Sent from my Pixel 2 using Tapatalk


----------



## buffdan (Jan 6, 2022)

wow, great job. The dial numbering is very crisp.


----------



## woodchucker (Jan 6, 2022)

nice job. boy is that a big head.


----------



## ttabbal (Jan 6, 2022)

Nice job! I have one almost done. I have been waiting as I want to sandblast it before finishing, and my blast cabinet has been backordered for a while now. 

I agree, fun build and worth the work. The gear I did on a dividing head as well. The instructions called for an offset fixture on the lathe, which I got sort of working. I just found it difficult to control where I was cutting with that setup.


----------



## jwmay (Jan 6, 2022)

Pretty cool! I wish I had the gumption to carry out work like that.


----------



## woodchucker (Jan 6, 2022)

ttabbal said:


> Nice job! I have one almost done. I have been waiting as I want to sandblast it before finishing, and my blast cabinet has been backordered for a while now.
> 
> I agree, fun build and worth the work. The gear I did on a dividing head as well. The instructions called for an offset fixture on the lathe, which I got sort of working. I just found it difficult to control where I was cutting with that setup.


what's the offset fixture?


----------



## ttabbal (Jan 6, 2022)

woodchucker said:


> what's the offset fixture?



Just a block of metal you bolt to a faceplate off center. There are some measurements in the instructions, but nothing too crazy. You then bolt the part to it and use the compound to cut the teeth. It does work, but I didn't like the way it worked and found it difficult to control where the tooth ended up. 

The instructions are designed assuming that the builder won't have a mill. Probably a reasonable assumption given the time they were written (mid-80s).


----------



## f350ca (Jan 6, 2022)

Very nice work and great video. I've been thinking about ordering the castings, nice to see a finished product.
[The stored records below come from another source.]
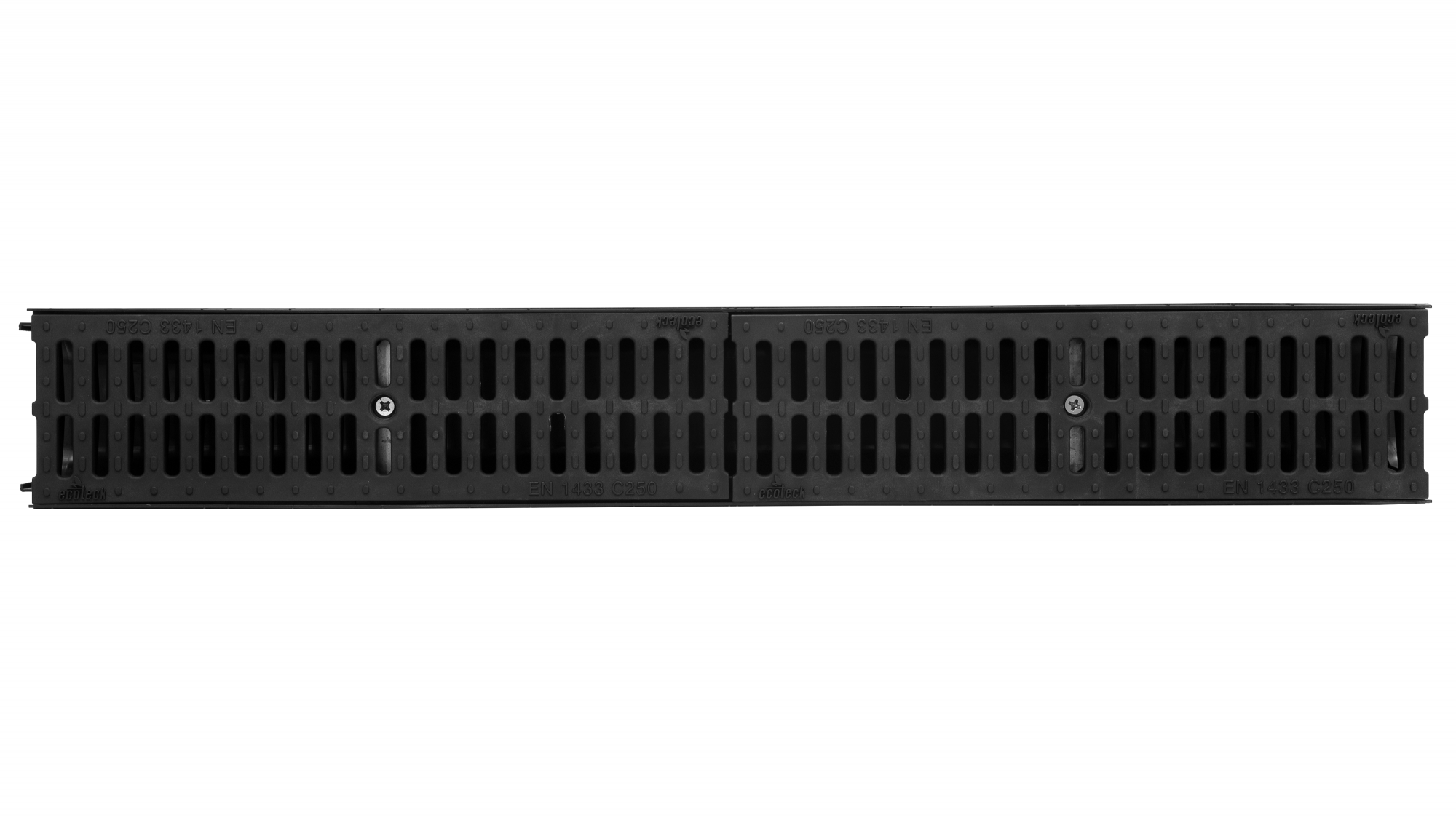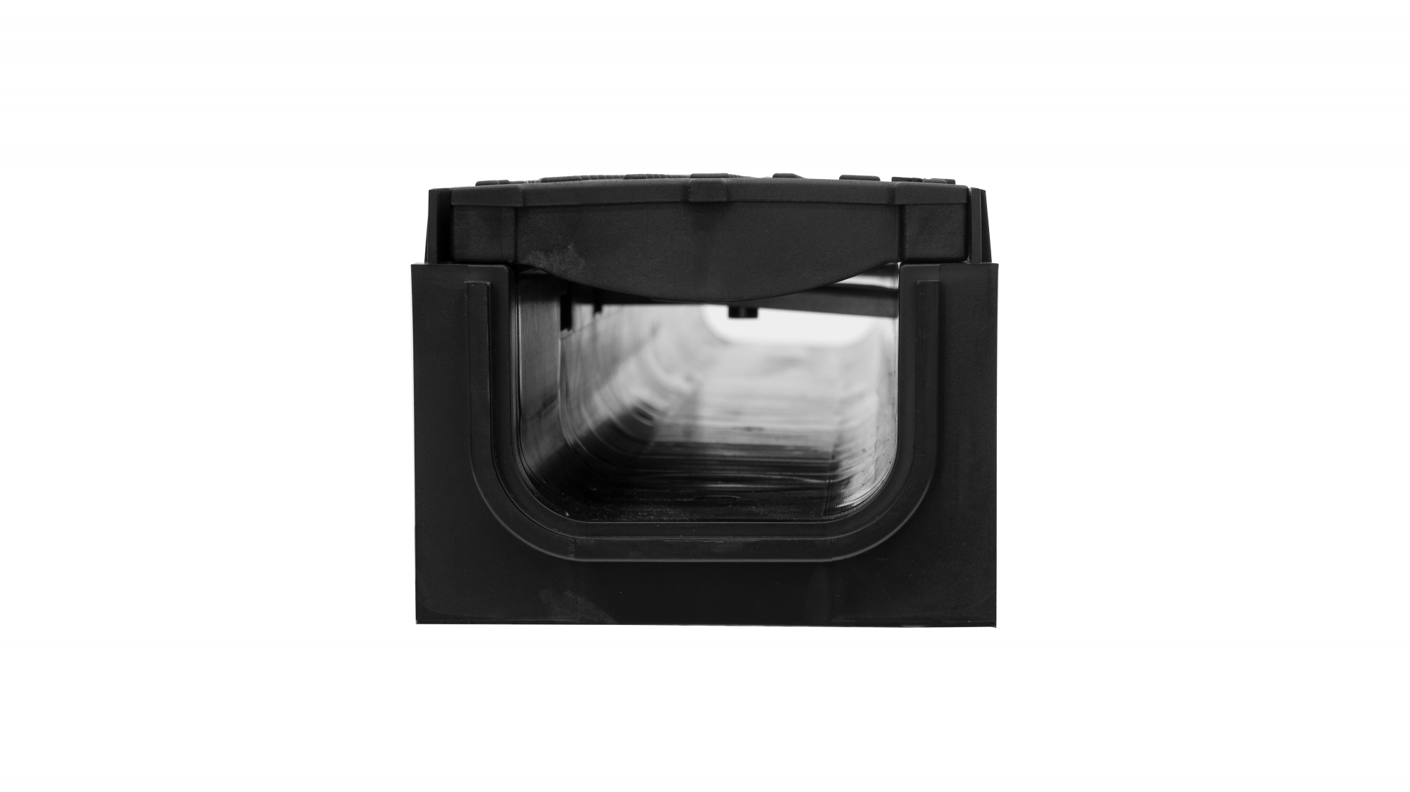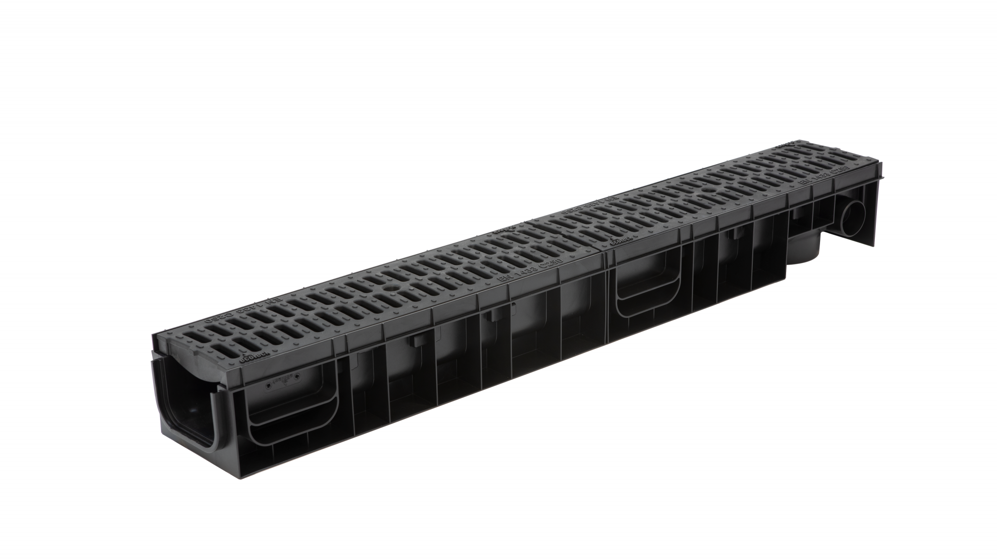 Главная / Продукция / Внешнее водоотведение / Medium DN 100 Series / КОМПЛЕКТЫ / Лоток Ecoteck MEDIUM 100.95 h115 с решеткой пластиковой, кл. C250 (черный)
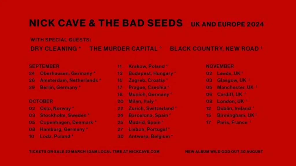 Nick Cave & The Bad Seeds recently announced their first headline tour of the UK and Europe since 2017, across 17 countries this Autumn, starting on September 24th in Germany with UK shows from November 2nd. Due to huge demand for tickets, the band have since added second shows in Berlin, Amsterdam, Antwerp, Copenhagen, Dublin and London. Nick Cave & The Bad Seeds are widely regarded as one of the greatest live acts in the world today, and these shows are some of the most hotly anticipated of 2024.
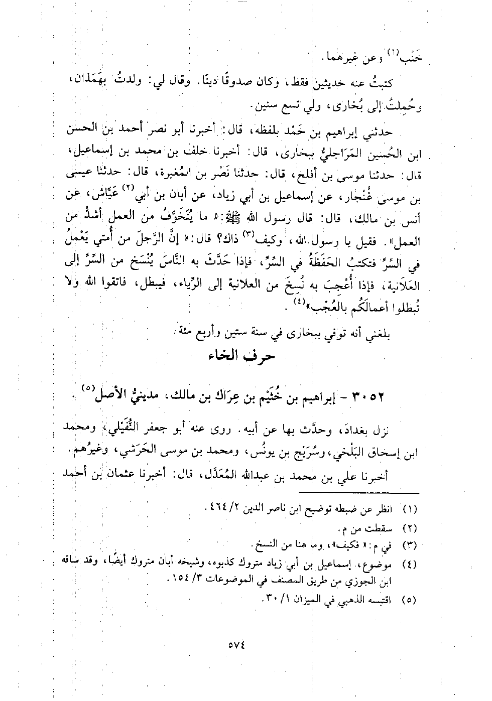 3052 - إِبْرَاهِيم بْن خثيم بْن عراك بْن مالك مديني الأصل، نزل بغداد، وحدث بِهَا عَن أَبِيهِ، روى عنه: أَبُو جَعْفَر النفِيلي، ومحمد بْن إِسْحَاق البلخي، وسريج بْن يونس، ومحمد بْن مُوسَى الحرشي، وغيرهم.
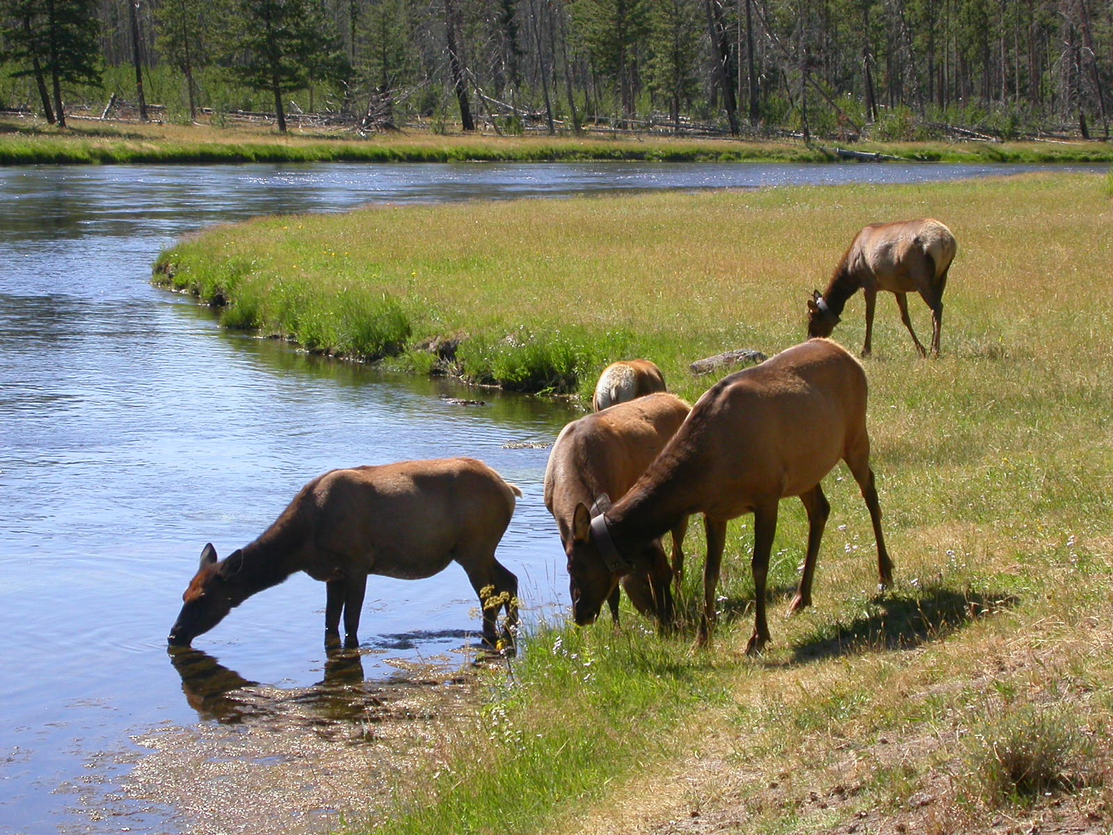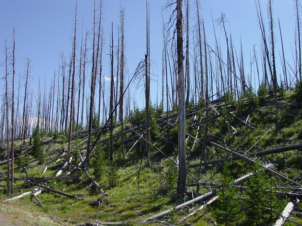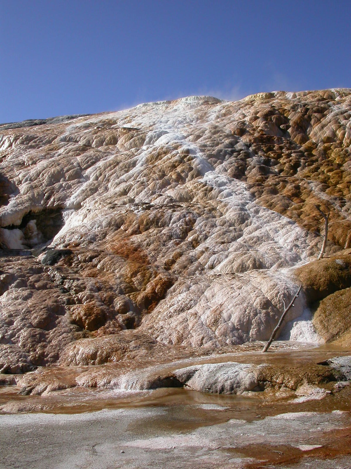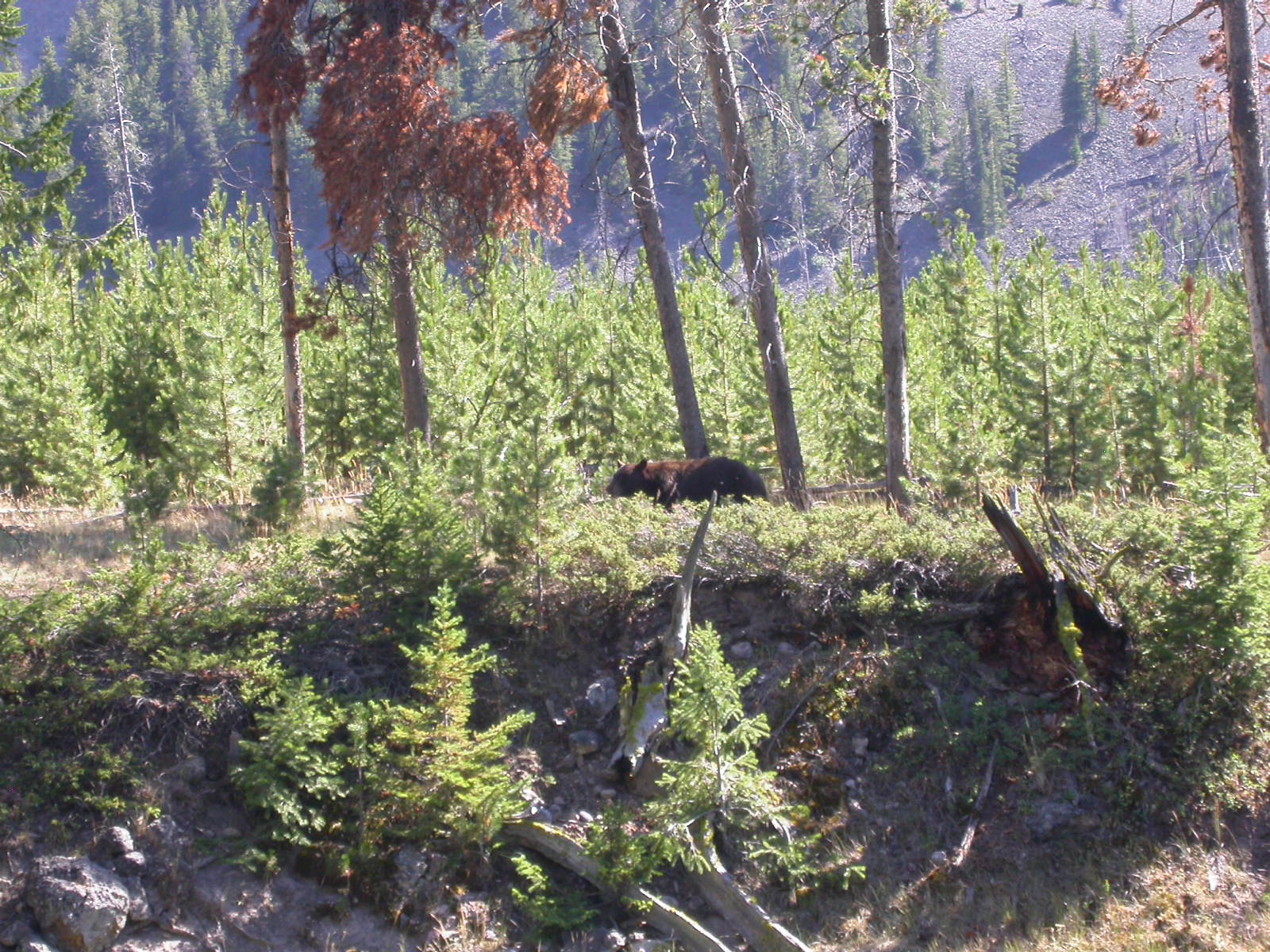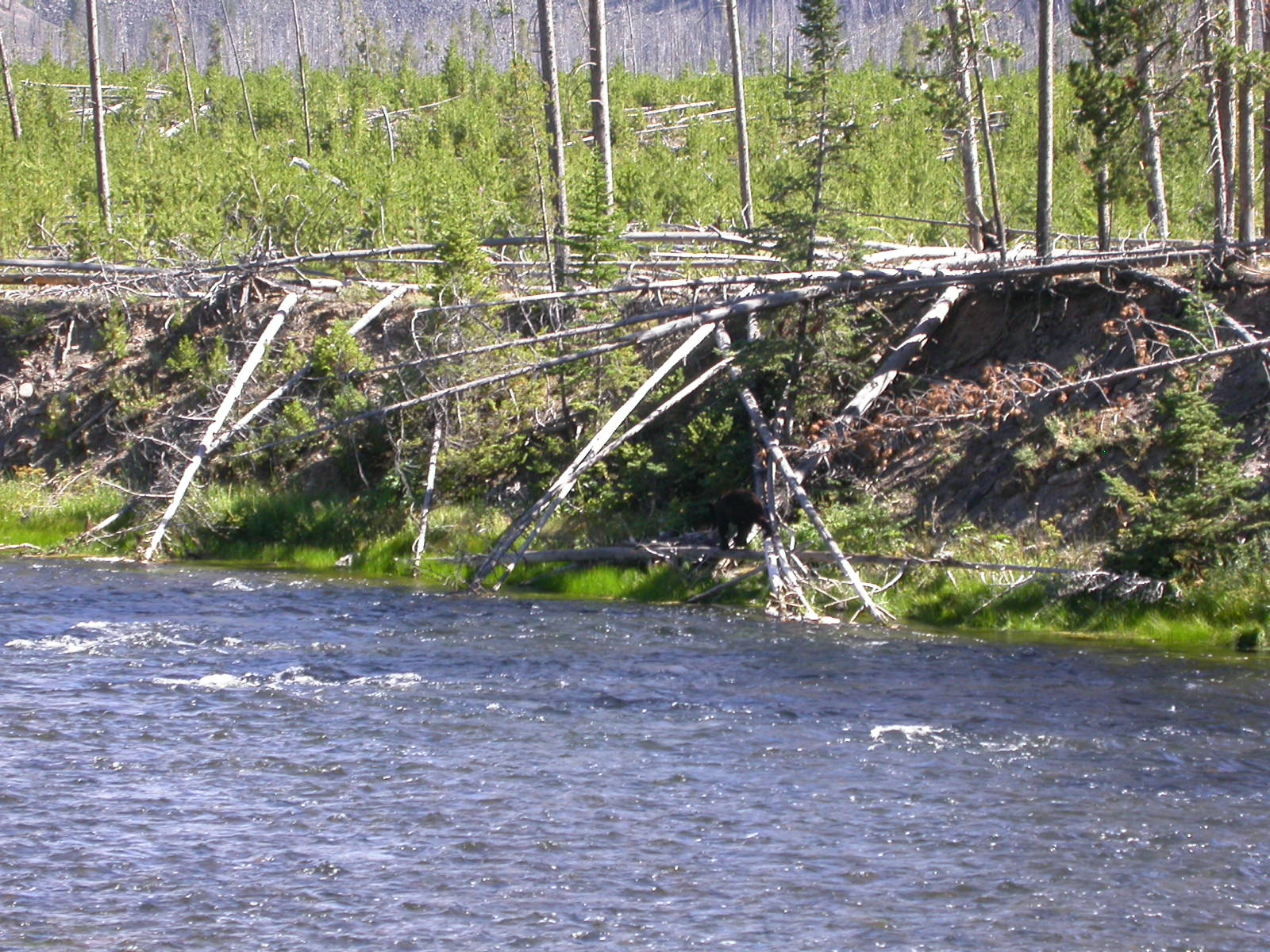 Hier im Yellowstone Nationalpark war Natur pur angesagt. Auf der grossen Rundfahrt (ca. 220 km) werden dem Besucher unvergessliche Bilder geboten. Wilde Tiere wie Bisons, Hirsche, Bären, etc. über die heissen vulkanischen Quellen mit den farbenprächtigen Steinablagerungen bis zum aktiven Old Faithful Geisyr. Dieser schiesst im Stundenrhytmus seine Fontäne in die Höhe, wobei er es dabei recht spannend macht. Das ganze Spektakel dauert ca. eine viertel stunde und jedesmal wenn er ein bisschen 'hustet', meint der Zuschauer es geht los und schiesst Foto um Foto, bis er sich nach zahlreichen 'Fehlalarmen' endlich in die Höhe ergiesst.

Built his filing machine a few years ago, the castings were top notch
Thanks for posting

Greg


----------



## projectnut (Jan 7, 2022)

Years ago, MLA was owned and run by a gentleman named Andrew Lofquist out of State College Pennsylvania.  Back in 2012 I ordered the MLA-21 collet chuck.


			http://mlatoolbox.com/MLA21.html.
		


It was a fun build and worked out well.  I made it so I could use 5C collets on my Seneca Falls lathe.  The original collet setup was a drawbar with 2S collets.  They only go up to 9/16" and are about as rare as hens' teeth.  During the ordering and building process I spoke with Andrew several times.  He was very knowledgeable of his products and very easy to talk to.

Since his name is no longer associated with the site and the address has changed, I'm guessing he has sold the business and retired.


----------



## Firebrick43 (Jan 7, 2022)

projectnut said:


> Years ago, MLA was owned and run by a gentleman named Andrew Lofquist out of State College Pennsylvania.  Back in 2012 I ordered the MLA-21 collet chuck.
> 
> 
> http://mlatoolbox.com/MLA21.html.
> ...


I ordered something last year(steady rest and ball turner/boring bar holder)  He was still running it then.  I probably should order the facing head to.


----------